Lewis told the News that students have a tendency to pile too many things on in the midst of academics, extracurricular life and social life. He said he aims to advise students to consistently check in with themselves and always ask for academic support when needed. 

“We try to be appropriately accommodating to people with any kind of illness or family situation, but at the same time, you want to have deadlines and clear deadlines, because, in terms of management of your health and well being, having clarity is sometimes as important as having flexibility,” Lewis said.

While Colbert acknowledged that the pressure to do the most may cause students to push through disability-related barriers, he said that the Yale population has become much more receptive to concepts of accessibility and equality in recent years, citing the growth of affinity groups and accessibility-focused events. 

“Stigma still exists, but from what we see, students are more engaged in advocacy and awareness than

in previous years,” Colbert wrote. “That helps to minimize the academic and social impacts on the decision to seek accommodations.”

Finding community 

When Bender came to Yale in 2015, there was little structure or support for students with disabilities. However, Bender met someone who also had ulcerative colitis, with whom she later became pen pals.
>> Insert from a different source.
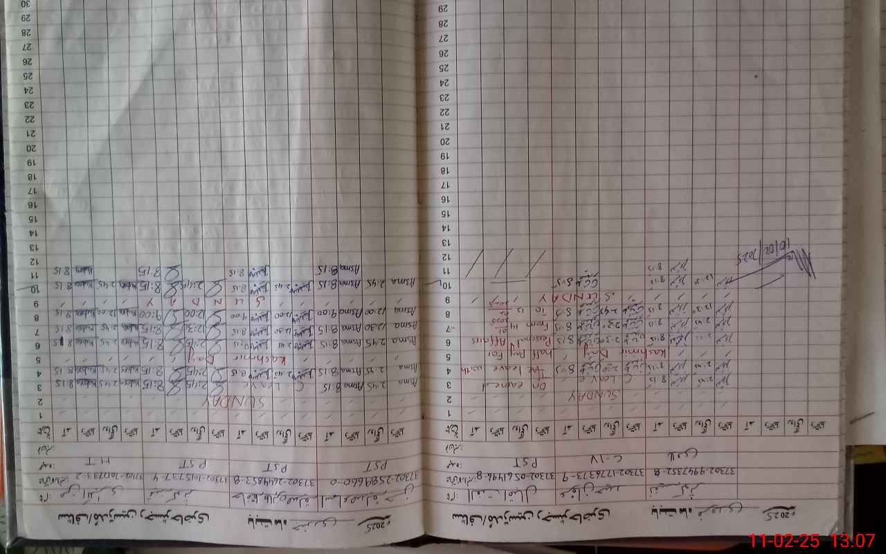 | CNIC | Full Name | Designation | R/C | Absence During Last Calender Month |
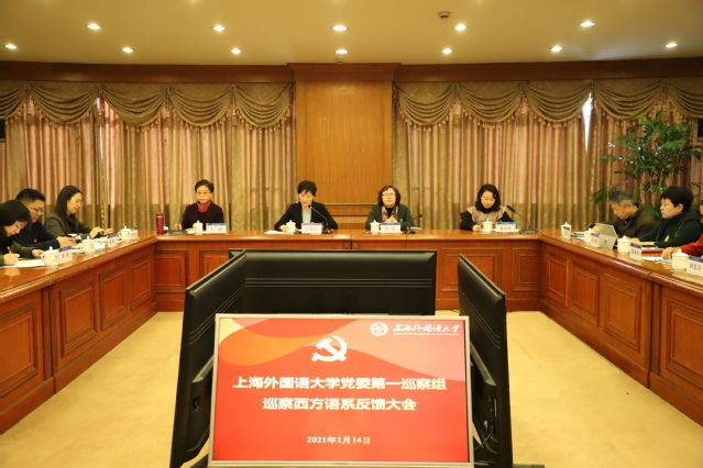 根据校党委统一部署,近日,上海外国语大学党委第一巡察组向西方语系党总支反馈巡察情况。2021年1月6日,上海外国语大学党委第一巡察组组长石彤喆向西方语系党总支书记施海倩、系主任于漫进行个别反馈,会上校党委副书记、纪委书记、巡察工作领导小组副组长钱玲传达校党委指示精神并开展全面从严治党工作谈话。2021年1月14日,石彤喆代表上海外国语大学党委第一巡察组进行大会反馈。副校长张静传达校党委指示精神并对巡察整改工作提出要求。施海倩作表态发言,于漫主持会议。

Later, Bender, along with Benjamin Nadolsky ’18 and Matthew Smith ’18, founded DEFY. 

“DEFY came from a desire to have a social and advocacy space for students with disabilities and the idea of disability as a culture and an identity,” Bender said. 

Bender said she views the founding of DEFY as a matter of inevitability as the wider culture at Yale had already begun to shift towards being more cognisant of those with disabilities. 

Since the founding of DEFY, both Bender and Lara Midkiff noted the increasingly supportive climate on campus. For example, the number of staff at SAS has increased, and DEFY and SAS have instituted their own peer mentor programs.